The best nutrition coaching in the world used to require two things: a qualified sports dietitian and money. A lot of both. Elite coaches charge $200–400 per hour and are booked months out. For recreational athletes, even serious ones, personalised nutrition guidance has always been out of reach.
AI is changing that. Not by replacing good nutritionists, but by making intelligent, context-aware nutrition guidance available at the moments it's actually useful: 11pm when you're logging your third meal, Sunday morning when you're meal prepping for the week, or 30 minutes post-workout when you need a recovery meal recommendation fast.
What makes AI coaching different from a nutrition app
Traditional nutrition apps are calculators. They take your profile data, apply a formula (Harris-Benedict, Mifflin-St Jeor), and output a target. They don't adapt. They don't reason. They don't understand context.
Ask MyFitnessPal what to eat after a hard 10km run and it will show you a food search bar. Ask the Jonno Agent and it will:
- Check your Strava data and see you ran at 5:15/km average, burning 650 kcal
- Calculate how much protein and carbohydrate you have remaining for the day
- Factor in your food preferences from your history (you logged Thai food 6 times last month)
- Search nearby restaurants on Uber Eats for high-protein recovery options
- Build you a cart: 45g protein, 80g carbs, under 700 kcal
This is the difference between a tool that stores data and one that reasons about it.
The three gaps AI fills
1. Availability
Human coaches are available during business hours. Athletes train at 6am, race on weekends, and make food decisions at midnight. AI is available at the exact moment the decision happens. The value of nutrition guidance scales massively when it's delivered at decision-point, not in a scheduled weekly check-in.
2. Contextual memory
A good coach remembers your history: the foods that gave you GI issues, the protein sources you prefer, the weeks you over-reached and crashed. AI systems that integrate your training logs and food history can build the same contextual model, and recall it instantly.
Jonno's agent is given your training history, macro targets, and food preferences with every interaction. It doesn't start from scratch each conversation.
3. Cost and access
This one is obvious but important. Sports nutrition coaching for recreational athletes has historically been a luxury. AI democratises that access. Serious athletes earning median incomes can now have the same quality of nutrition guidance previously available only to professional athletes with sports science support teams.
Where AI nutrition still requires human judgement
We should be honest about what AI gets wrong.
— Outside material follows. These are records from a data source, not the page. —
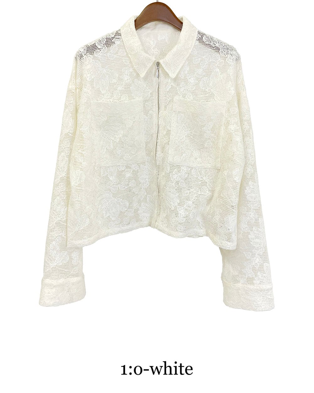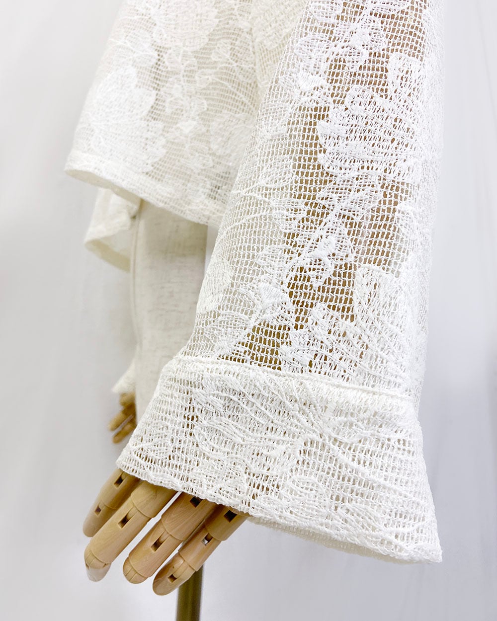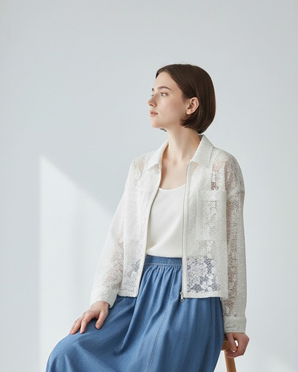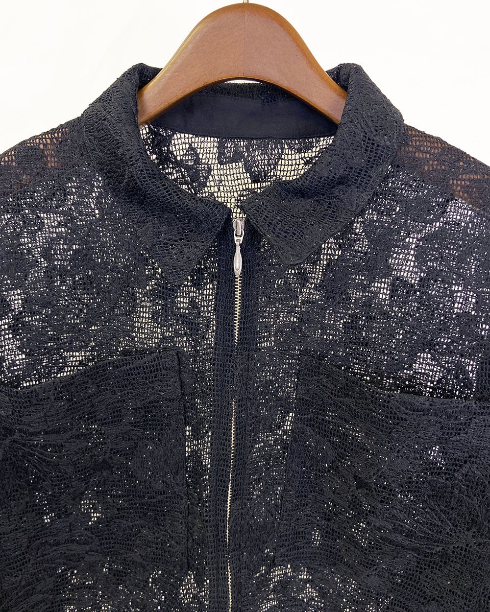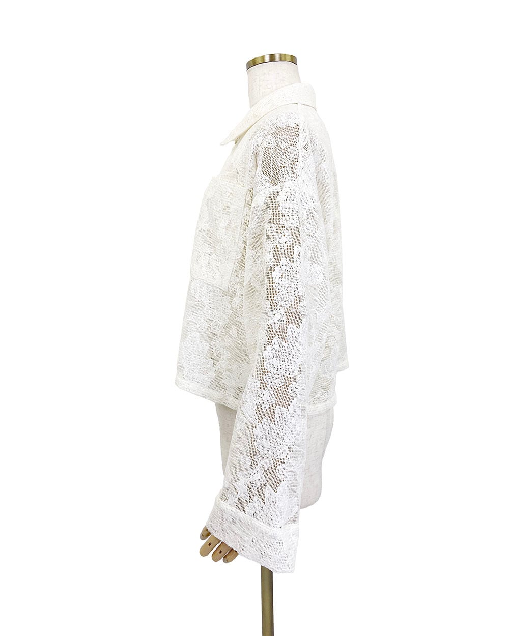 カラミメッシュに同色の刺繍を施した、繊細で上品な表情のワイドスリーブポケットブルゾン。
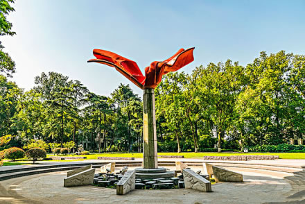 杜鵑園位于梁洲西北角,占地380平方米,由原有的牡丹園改建而成,并擴(kuò)大了原有專類園面積,栽植映山紅、毛鵑等6000多株,杜鵑園植物景觀層次分明,杜鵑品種豐富。杜鵑園由湖石堆砌自然花池,游路沿花池邊曲折回環(huán)。
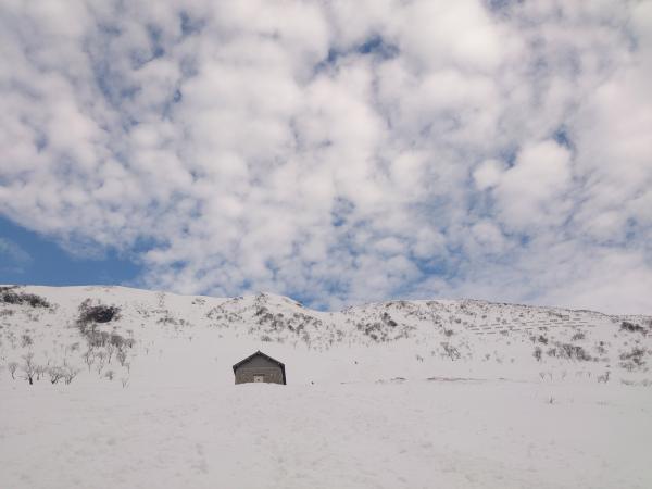 四合目前の分岐を右に入り、滑走ルートを確認、五合目小屋の裏を通過し
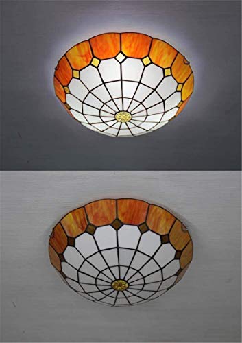Feeyond Lampada da Soffitto in Stile Tiffany, Lampada da Soffitto per Corridoio in Vetro Colorato retrò con Paralume Rotondo, Lampada da Incasso A Reticolo Quadrato retrò,Arancia,30cm
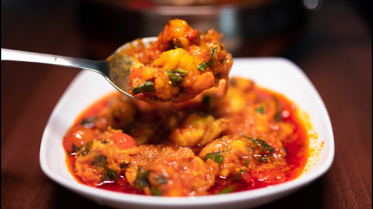 With onions, capsicum, tomatoes, medium hot& fairly dry.
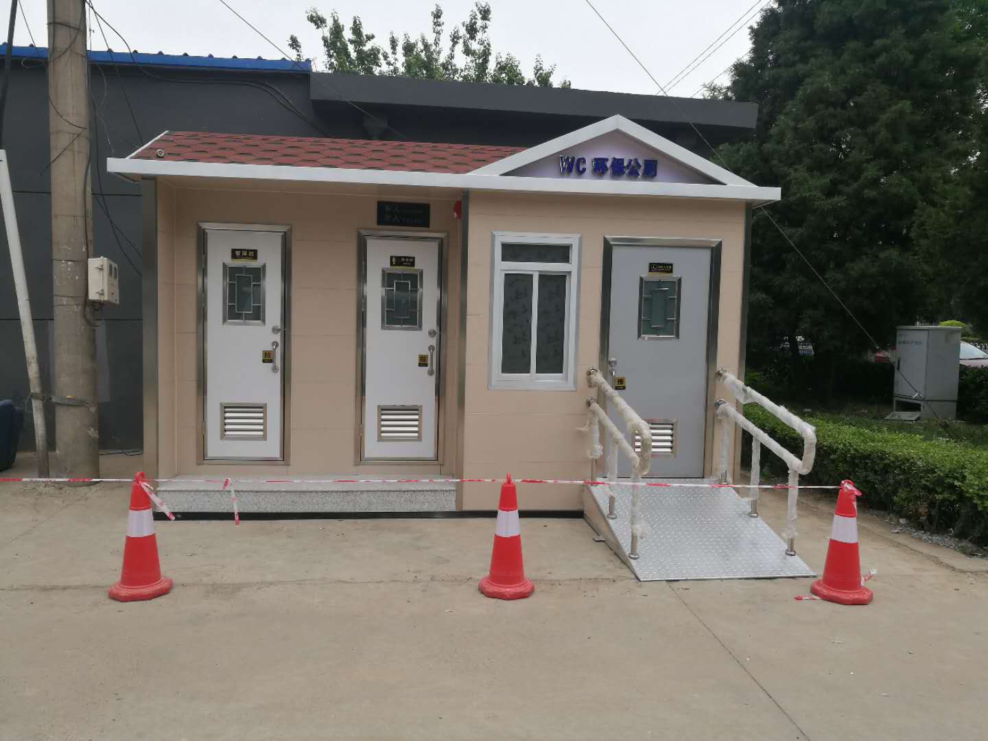 當(dāng)然,移動(dòng)廁所不會(huì)受到任何工作環(huán)境的限制,其外部結(jié)構(gòu)特別輕。整個(gè)顏色在搭配過程中特別合理,適合安裝在一些不同的城市街道或大型公共場所,尤其便于移動(dòng)。移動(dòng)廁所是由鋼焊接而成的框架結(jié)構(gòu)。通常,底部用槽鋼或工字鋼焊接,立柱用方鋼制成。在墻體的基礎(chǔ)上,安裝墻體材料,包括彩鋼板、金屬雕版、鋁塑板、防腐木等。框架式機(jī)構(gòu)可以滿足提升要求,可以移動(dòng)挪威進(jìn)行提升,因此被稱為移動(dòng)廁所。本發(fā)明不受任何工作環(huán)境的限制,外觀結(jié)構(gòu)輕巧,配色合理,適用于城市街道、公園綠化、車站、碼頭、旅游景點(diǎn)、別墅區(qū)、新建住宅區(qū)、大型建筑工地、廣場、人口稠密的公共場所和繁華的商業(yè)街。移動(dòng)式公廁具有可移動(dòng)、可組合、便于運(yùn)輸?shù)膬?yōu)點(diǎn)。此外,移動(dòng)廁所的內(nèi)部配置高于普通固定廁所。
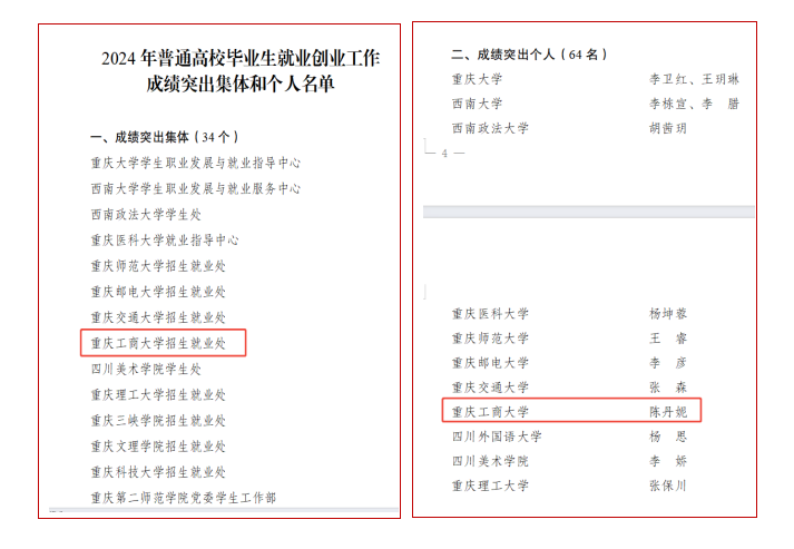 近日,重庆市教育委员会、重庆人力资源和社会保障局下发《关于表扬2024年普通高校毕业生就业创业工作成绩突出集体和个人的通报》(渝教学函〔2025〕11号),对2024年重庆市普通高校毕业生就业创业工作成绩突出集体和个人进行了表彰。

AI nutrition tools are not medical devices and should not replace clinical nutrition assessment for people with disordered eating, specific medical conditions, or complex dietary requirements. The Jonno Agent operates within a well-defined domain: helping athletes hit macro targets to support training and recovery. It is not a dietitian, and it doesn't pretend to be.
Where precision matters most, competitive professional athletes, people with medical dietary requirements, complex eating disorder recovery, human expertise remains essential. AI accelerates good habits. It doesn't replace professional clinical care.
The model behind Jonno
The Jonno Agent is built on Anthropic's Claude. Anthropic is one of the leading AI safety companies in the world, and Claude is specifically designed to be honest, helpful, and harmless. That matters for nutrition advice, where overconfidence or incorrect recommendations can genuinely harm performance or health.
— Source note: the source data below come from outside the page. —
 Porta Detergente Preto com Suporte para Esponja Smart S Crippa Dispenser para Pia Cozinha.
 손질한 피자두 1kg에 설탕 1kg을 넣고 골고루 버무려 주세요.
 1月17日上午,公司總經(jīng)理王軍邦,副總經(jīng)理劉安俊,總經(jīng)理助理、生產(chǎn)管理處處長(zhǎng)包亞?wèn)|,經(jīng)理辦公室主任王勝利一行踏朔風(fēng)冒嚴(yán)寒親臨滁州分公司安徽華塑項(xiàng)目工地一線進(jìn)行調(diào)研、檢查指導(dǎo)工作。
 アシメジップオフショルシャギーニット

Claude is given a structured context at the start of every conversation: your profile, your day's macros, your recent training, and your preferences. It reasons within that context rather than generating generic advice.
The result is guidance that feels like it comes from a coach who knows you, because it's built on data that does.
What this looks like in practice
Athletes using AI nutrition coaching consistently report two outcomes: they hit their protein targets more consistently, and they spend less cognitive energy on food decisions. That cognitive load reduction, not having to think through "what should I eat" from scratch every meal, turns out to be a meaningful performance advantage in itself.
Decision fatigue is real. Athletes already make hundreds of micro-decisions in a training session. Having a system that eliminates the nutrition decision is, functionally, a performance enhancement.